Learning how to build wealth from property from a seasoned property investor
Jun 11, 2026Investing is the only way to build wealth - whether it's property, shares, building and scaling a business.
Recently, I spoke with property specialist, Janice Minihan about the difference facets of property, and the ever-changing landscape (thanks to budget announcements and market changes).
Janice is a property investor, buyer's agent and property manager across two countries, and the experience that changed things for her shows you the power of investing. She watched her dad flip a house: he added to the property and bought and sold in three months. That transaction (at the time) made more money than Janice's entire teaching salary for the year.
She said it felt like a light bulb moment. She started to educate herself about property - how things worked, and she has never looked back.
The part of this story that I want to talk about isn't really about property (though we do cover a lot of practical stuff in the episode, and it's worth a listen), it's about that gap between knowing something is possible and actually doing something about it. Because that gap is where a lot of people are sitting. And I see it constantly.
The cost of "not yet"
I talk a lot about the cost of inaction. Not in a scary, pressuring way, but as a genuine financial reality.
When you delay getting your finances sorted, you don't just stay where you are. You actually fall behind. Every year you're not investing is a year of compounding returns you don't get. Every year you're running your money without a structure is a year of potential tax inefficiency, missed savings, and scattered cashflow.
Janice puts it well in the episode. She talks about getting the structure wrong in the UK because she didn't listen to advice about getting an accountant and bookkeeper in place early. She thought, "I don't have any properties yet, there's no point." Then she ended up in, in her words, "a world of pain" once she started scaling. Getting it right at the start looks like an unnecessary cost. Getting it wrong looks like years of expensive consequences.
Most of us wait until things are complicated before we deal with them.
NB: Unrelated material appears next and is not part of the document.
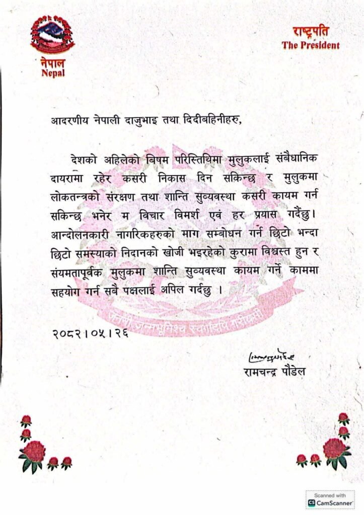 आदरणीय नेपाली दाजुभाइ तथा दिदीबहिनीहरू, देशको अहिलेको विषम परिस्थितिमा मुलुकलाई संवैधानिक दायरामा रहेर कसरी निकास दिन सकिन्छ र मुलुकमा लोकतन्त्रको संरक्षण तथा शान्ति सुव्यवस्था कसरी कायम गर्न सकिन्छ भनेर म विचार विमर्श एवं हर प्रयास गदै छु । आन्दोलनकारी नागरिकहरूको माग सम्बोधन छिटो भन्दा छिटो समस्याको निदानको खोजी भइरहेको कुरामा विश्वस्त हुन् संयततापूर्वक मुलुकमा शान्ति सुव्यवस्था कायम गर्ने काममा सहयोग गर्न सबै पक्षलाई अपिल गर्दछु ।

But the mess is usually a direct result of not dealing with them earlier.
You don't have to know everything
One of my favourite moments in this conversation is when Janice talks about how she learns. She's a property expert with years of experience, portfolios in multiple countries, a licensed agent and property manager — and she still says she's "always doing some coaching or courses or reading something or learning from others."
She specifically mentions learning from me about the money management side, because it's not her background.
I think that's important. Because I see a lot of women who convince themselves they need to know everything before they can start. They need to understand all the tax implications. They need to know exactly what the market is doing. They need to feel confident about every decision before they make one.
But no one who has actually built wealth waited until they felt ready. They started with what they knew, got the right people around them, and figured out the rest along the way.
What you actually need before you start isn't encyclopedic knowledge. It's clarity on where you are now, a few good people in your corner, and the willingness to take a step.
Property isn't as complicated as it looks
Janice shared that it's still possible to what neutrally gear property in South-East Queensland. It's important to buy well and to add the right amount of value to a property. That means not "over-capitalising", meaning doing renovations that are not going to see a return on investment. Adding a granny flat is increasingly popular, as the cost of living means multi-generations often need to live together. Plus, with the rising cost of aged care, it's a way to keep aging parents close by.
If you've been following the budget noise and feeling overwhelmed, I'd encourage you to speak with a finance professional ( such as your account, and if you have one, your financial planner). They can talk you through the potential impact of the changes on your situation - negative gearing deductions, the capital gains tax discount, how trust structures are being taxed differently, and the growing interest in buying property inside self-managed super funds.
From Janice's perspective and experience, she believes that unless you make a really significant error, property is hard to genuinely lose money on. The market is buoyant. Population is growing. There's not enough housing. And strategies like granny flats and dual occupancy make the numbers work even in a tougher market.
This is not saying property is risk-free. It isn't. But it doesn't have to be so complex or risky that it's out of reach. It's more likely that it's just unfamiliar, and all the current hype around the changes is making it seem even more confusing.
The team you build matters more than the knowledge you have
The quality of the professionals you work with matters enormously. If you don't have the right professionals around you (accountant, property manager, real estate agent, lawyer, etc.), you can pay more upfront and even potentially in the long term if you don't have the right structure to meet the goals you have.
Building a good team - a broker who understands your goals, an accountant who specialises in investment structures, a property manager who actually shows up and does inspections, is one of the most important things you can do. And you're allowed to change people when they're not performing.
Ultimately, it's about understanding what you want, and how you can build wealth. Property is one way. If you don't understand how it works, or you would like to know how to do it in a smarter way, speak with professionals like Janice Minihan and take one step at a time.